If you had owed money, and were unable to pay - it is a financial risk for you - which is credit risk.

Basically settlement risk is the risk of payments being frozen in court because a counterparty takes a dive. Credit risk is a counterparty defaulting.

Read more here.

http://www.analystforum.com/forums/cfa-forums/cfa-level-iii-forum/91319086

Thanks for the clarification.

Among the risks , credit risk could be modeled . The market after all prices in credit risk in transactions . For example the small firm premium increases during market crises. Also weak , emerging economies are hit hardest during flights-to-safety events . In other words when an investor prices the transaction , credit is priced into it. So it is a financial , measurable risk.

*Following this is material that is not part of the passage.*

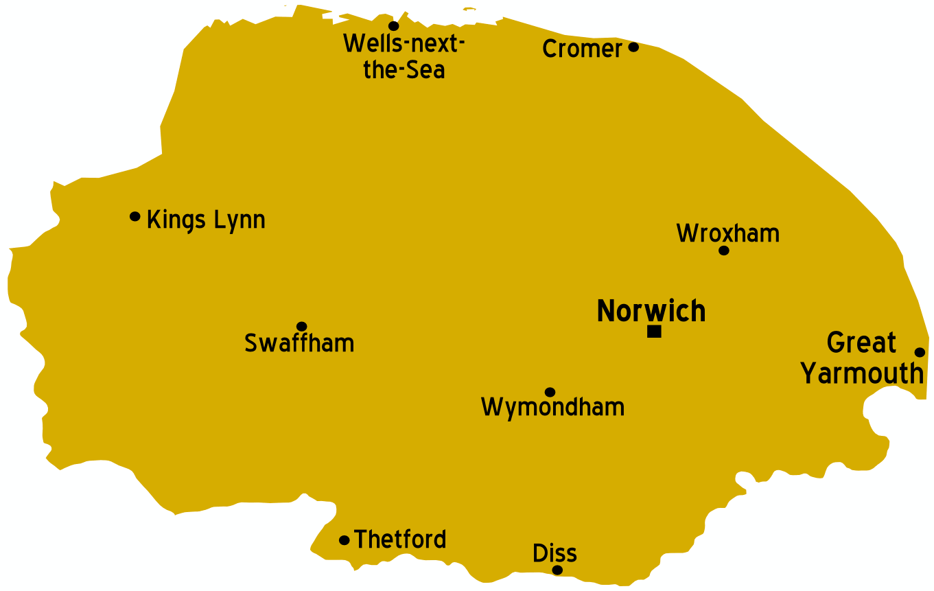 Map of Norfolk Source: :Image:UK map.svg map: England Map of: England

Settlement risk is hard to model as the underlying event is rare and its outcome is more uncertai when it does occur. Usually involves litigation and judges deciding outcomes , not markets . So it is non-financial risk

Makes sense, I see the difference now.

What about model and tail risk then? Why are these not financial risks? I’m no scientist, but you hear such things as… we were measuring so and so and we got the following result. The chances that this is an anomoly of the model is say 1 billionth of a percent, so we’re confident that what we observed is consistent with our models… at least something of this nature. Or engineering… the chance of failure is one in a billion. All this is measurable and related to models and tails.